### Your assignment
All of the data is to be written out again exactly, without the pictures.

───── Recorded data

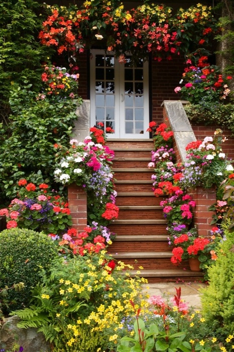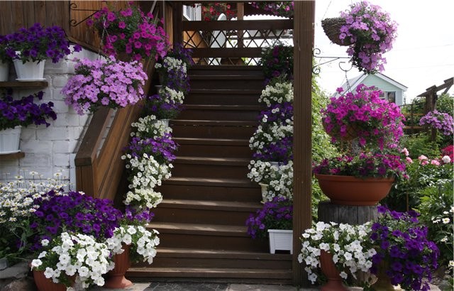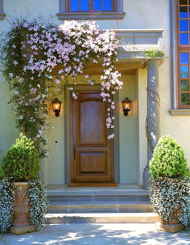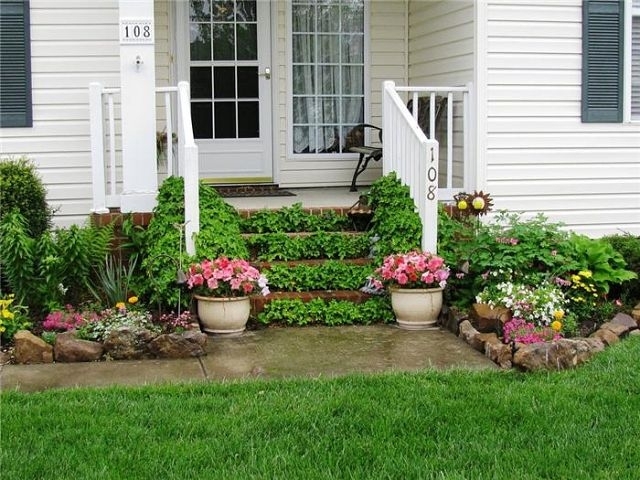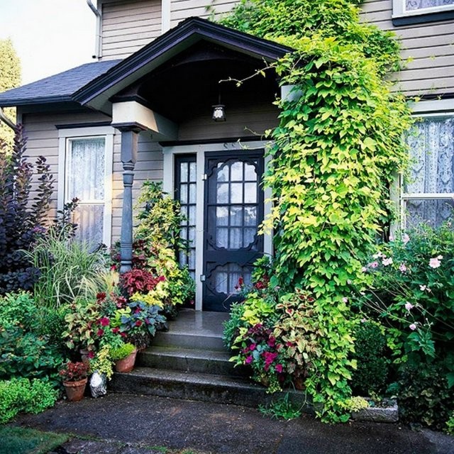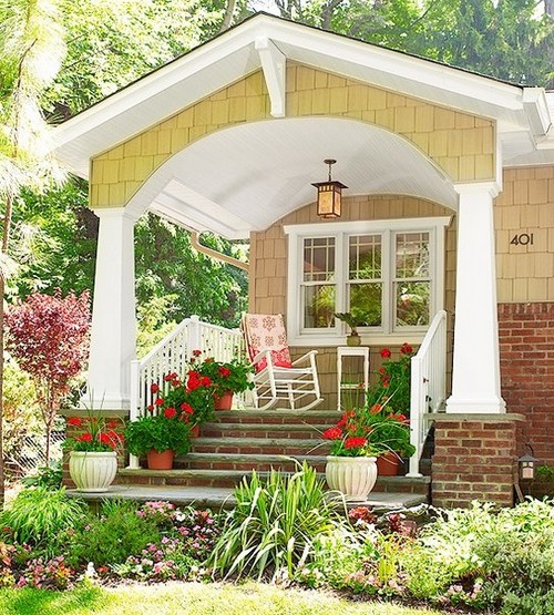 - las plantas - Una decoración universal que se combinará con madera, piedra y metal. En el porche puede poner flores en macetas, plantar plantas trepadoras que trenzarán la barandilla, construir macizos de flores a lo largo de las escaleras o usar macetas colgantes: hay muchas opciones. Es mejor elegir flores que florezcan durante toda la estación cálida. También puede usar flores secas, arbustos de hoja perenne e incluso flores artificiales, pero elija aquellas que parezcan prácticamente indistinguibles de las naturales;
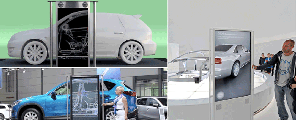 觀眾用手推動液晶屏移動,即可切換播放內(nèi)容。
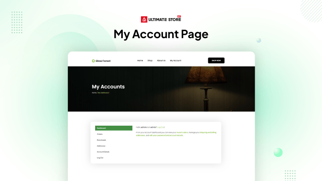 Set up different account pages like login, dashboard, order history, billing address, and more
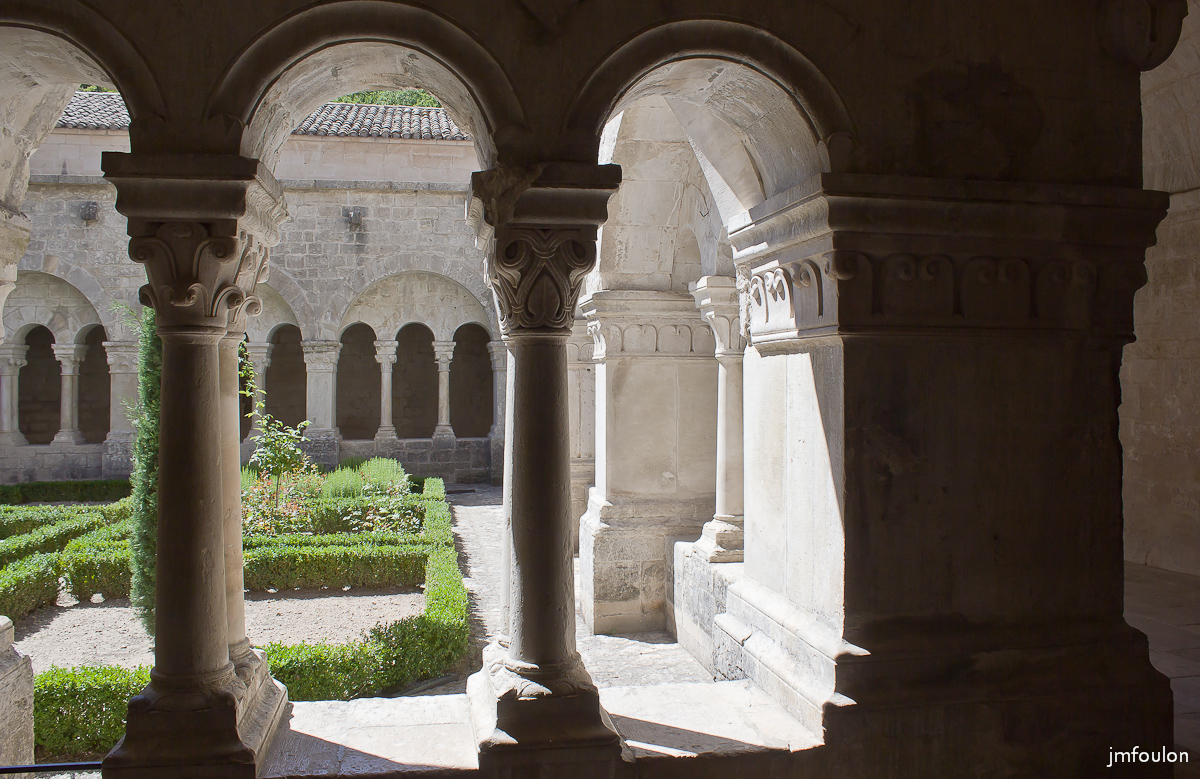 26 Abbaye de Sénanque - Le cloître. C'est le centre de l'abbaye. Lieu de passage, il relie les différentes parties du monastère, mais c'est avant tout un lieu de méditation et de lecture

──────────

### Reply to the task
 - las plantas - Una decoración universal que se combinará con madera, piedra y metal. En el porche puede poner flores en macetas, plantar plantas trepadoras que trenzarán la barandilla, construir macizos de flores a lo largo de las escaleras o usar macetas colgantes: hay muchas opciones. Es mejor elegir flores que florezcan durante toda la estación cálida. También puede usar flores secas, arbustos de hoja perenne e incluso flores artificiales, pero elija aquellas que parezcan prácticamente indistinguibles de las naturales;
 觀眾用手推動液晶屏移動,即可切換播放內(nèi)容。
 Set up different account pages like login, dashboard, order history, billing address, and more
 26 Abbaye de Sénanque - Le cloître. C'est le centre de l'abbaye. Lieu de passage, il relie les différentes parties du monastère, mais c'est avant tout un lieu de méditation et de lecture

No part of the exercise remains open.